Transportation & Logistics 2030

The report from PricewaterhouseCoopers and EBS Business School Supply Chain Management Institute was downloaded 05MAY2011 from


Thanks to the strong development of emerging markets, completely new logistics passageways will appear on our world map: passages between Asia and Africa, between Asia and South America and within Asia... He, who already has the landslide of the global logistical topography on his display, can take advantage of this megatrend at the right moment: namely now.

Preparation is everything. The better the strategic market and corporate foresight, the safer and greater the subsequent success of logistics service providers and emerging countries. This study operates along these lines of strategic foresight. It gives an overview of the status of emerging markets, as far as what regulation and liberalisation concerns. It describes the new trade corridors, the new flows of goods, the predicted market development for individual logistics products and services and the progress of the competition...

One important step towards developed market structures can be seen in the move from state-owned enterprises to private companies... Emerging markets are evolving towards more transparency, so there will still be a strong need for governments to regulate and provide process assurance.

The courier, express and parcel (CEP) market is one of the strongest growing sectors of the T&L industry in a number of emerging markets. It‘s also an area where changes in demographics and consumer behaviours could have the most significant impact. Logistics providers with a service portfolio characterised by low-cost and low-service will have to improve the scope of services in order to maintain competitiveness.

...multinationals will not only operate in emerging markets for advantages in international trade, they will also engage and operate in the domestic logistics markets. The number of logistics service providers in BRIC countries already exceeds the tens of thousands mark. The spread ranges from one-man businesses to large companies with several thousand employees, with the resulting differences in competitiveness, financial resources and offered services. The larger and financially-better equipped logistics companies will target growth by looking for suitable mergers and acquisitions (M&A).

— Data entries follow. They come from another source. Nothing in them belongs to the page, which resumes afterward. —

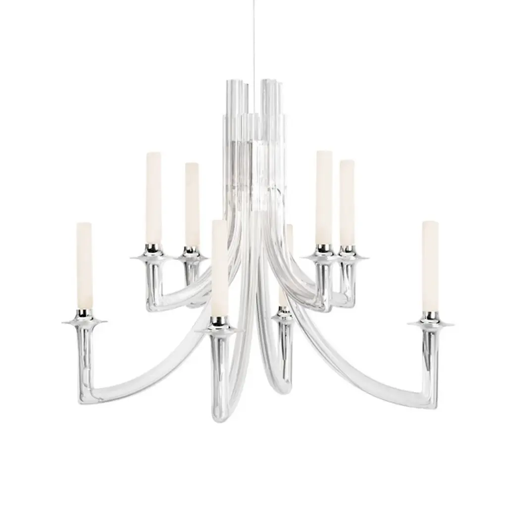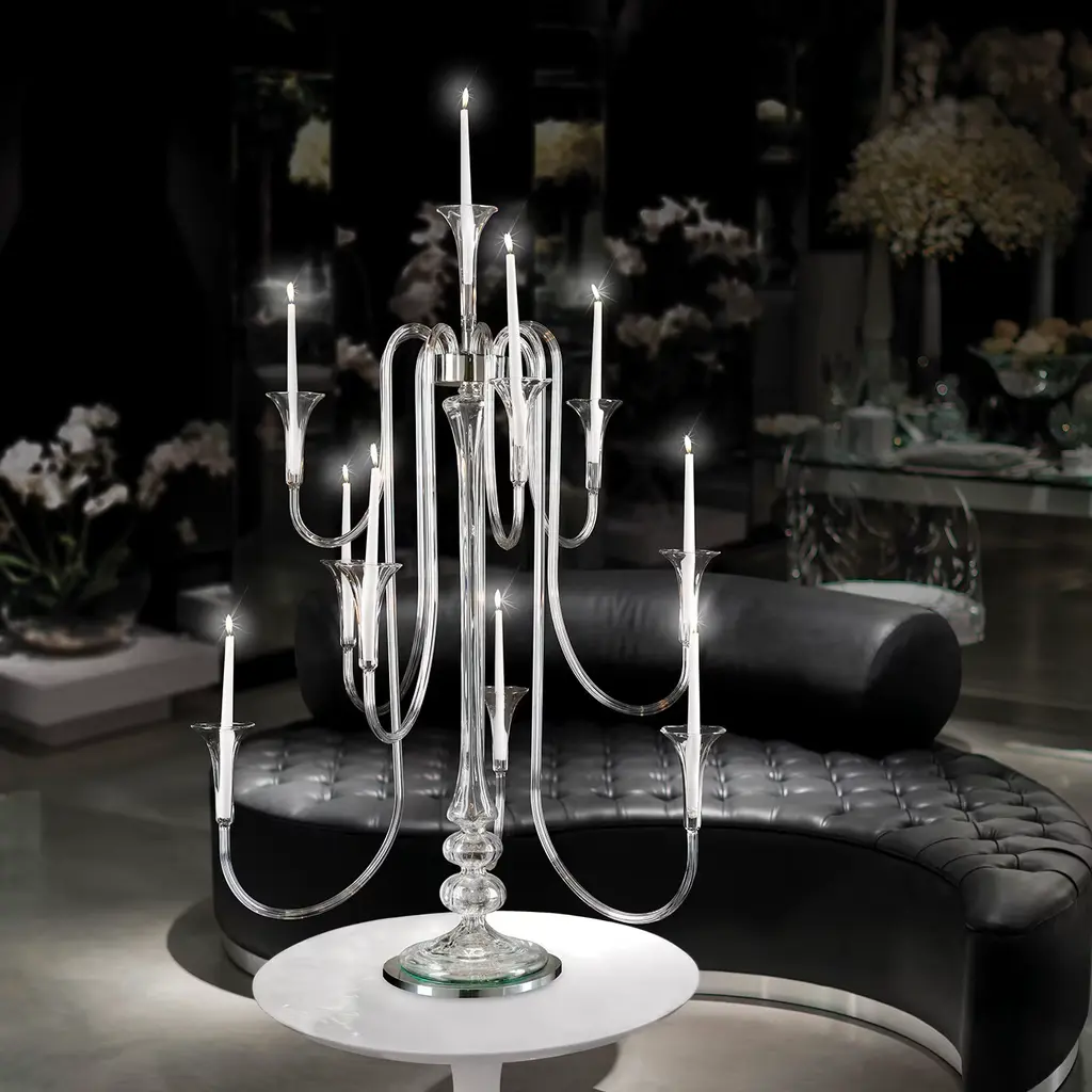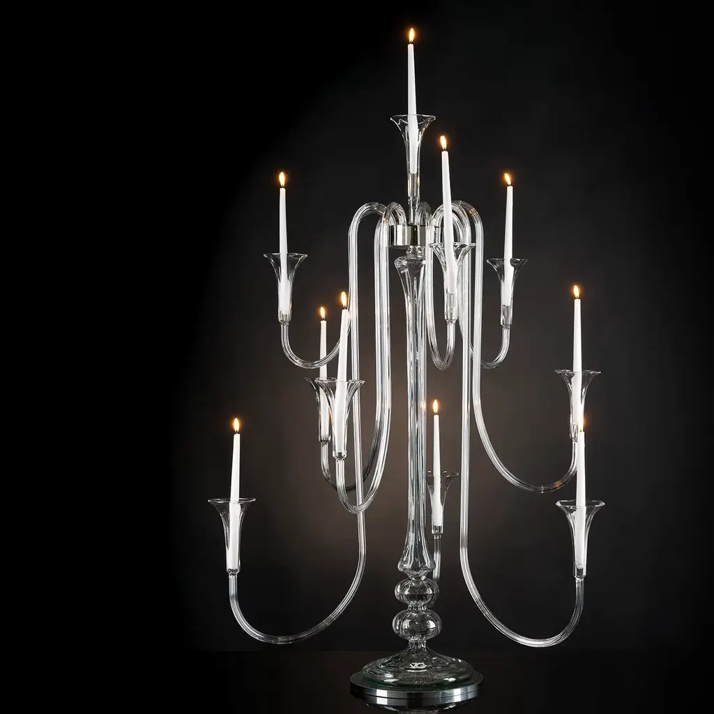 A stunning profile marked by sinuous and dynamic arms, this stunning candelabra will make a refined addition to a modern or eclectic decor. Deftly handcrafted of glass showcasing a natural transparent quality, each arm ends with a flared sconce that can hold a real or electronic candle (not included).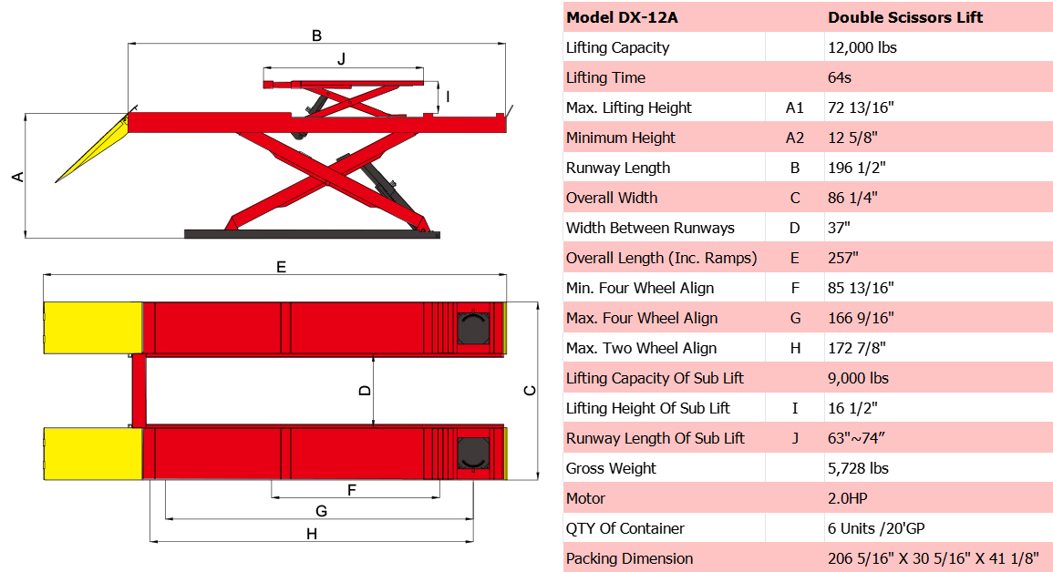 • 12,000lbs capacity for main scissor lift and 9,000lbs capacity for secondary scissor lift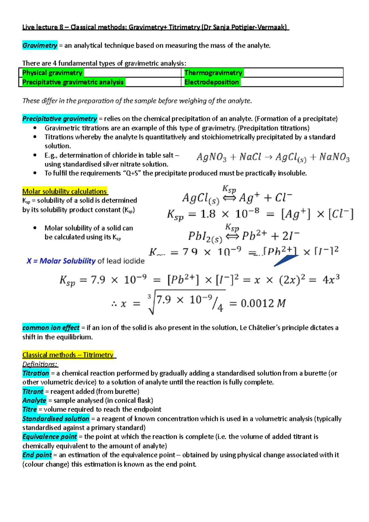 Lecture 8 - Classical Methods: Gravimetry & Titrimetry Insights - Studocu

Most importantly, though, logistics companies will need to develop or fine-tune their own specific strategies for operating in diverse emerging markets. They will need to understand how government regulation in each market affects them, be it changing customs procedures, the establishment of free trade zones, incentives for foreign direct investment or new sustainability requirements. This may mean adapting their service portfolio not once, but many times, as demand patterns change and emerging markets develop.

Emerging nations are also reaching outwards. In recent years, foreign direct investment outflows from emerging market multinational enterprises (firms investing in both industrialised and emerging economies) have shown dynamic growth rates of roughly 82% on average since 2003. The largest share of outward foreign direct investments (40%) came from the BRIC countries. China and some other emerging countriesoutside of BRIC are increasingly making investments within other emerging markets. In contrast Brazil, India and recently also Russia have shown a preference towards investing in developed countries, in particular in the US and Western Europe.

The Delphi panel also evaluated whether the T&L industry would become a focus area for (foreign direct) investment in the emerging markets in 2030, a trend they see as very likely. They point out that as logistics costs, as a proportion of total costs, continue to rise, investments in improving efficiency will continue to gain momentum.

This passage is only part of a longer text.